### The task
Your reply should consist only of the lines from the one holding "в каютах №101-118" to the last line of the data below, written out exactly and without pictures.
Start of Material provided
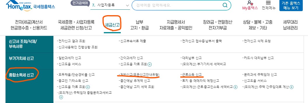 사업자인 경우 : 일반신고(모든 신고안 내 유형)
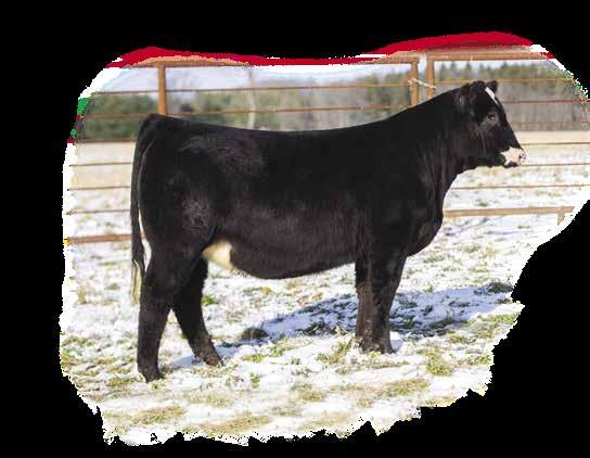 BFJV Rose N167 (Lollipop) is a blazed faced female that offers a look of quality and style about her front one third that is simply unmatched. She is long bodied, square hipped, and massive pinned. She is backed by Tecumseh, the popular sire that commanded $620,000. Her dam BFJV MS Bankroll G36 has produced multiple high-quality calves. It’s hard to deny the shear quality and substance that Lollipop brings to the equation.
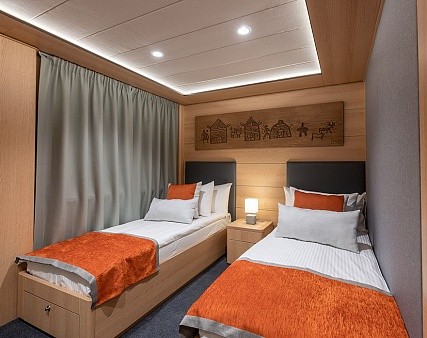 в каютах №101-118 — две односпальные кровати (можно сдвинуть), площадь каюты 17,7 м2;
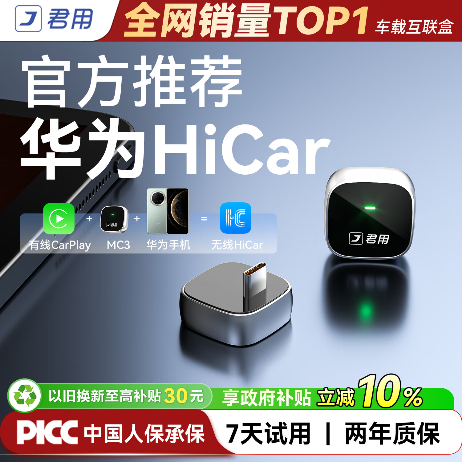 君用华为HiCar盒子适用奔驰大众奥迪CarPlay车机 MC3 Pro【Type-c款】
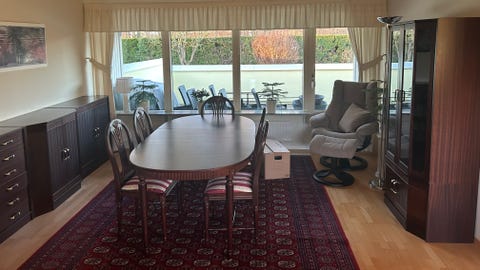 4 500 krMatsalsmöbelset i mörkt trä med åtta stolar och vitrinskåpLöddeköpinge39 minLägg till i favoriter.
End of Material provided
### Expected output
 в каютах №101-118 — две односпальные кровати (можно сдвинуть), площадь каюты 17,7 м2;
 君用华为HiCar盒子适用奔驰大众奥迪CarPlay车机 MC3 Pro【Type-c款】
 4 500 krMatsalsmöbelset i mörkt trä med åtta stolar och vitrinskåpLöddeköpinge39 minLägg till i favoriter.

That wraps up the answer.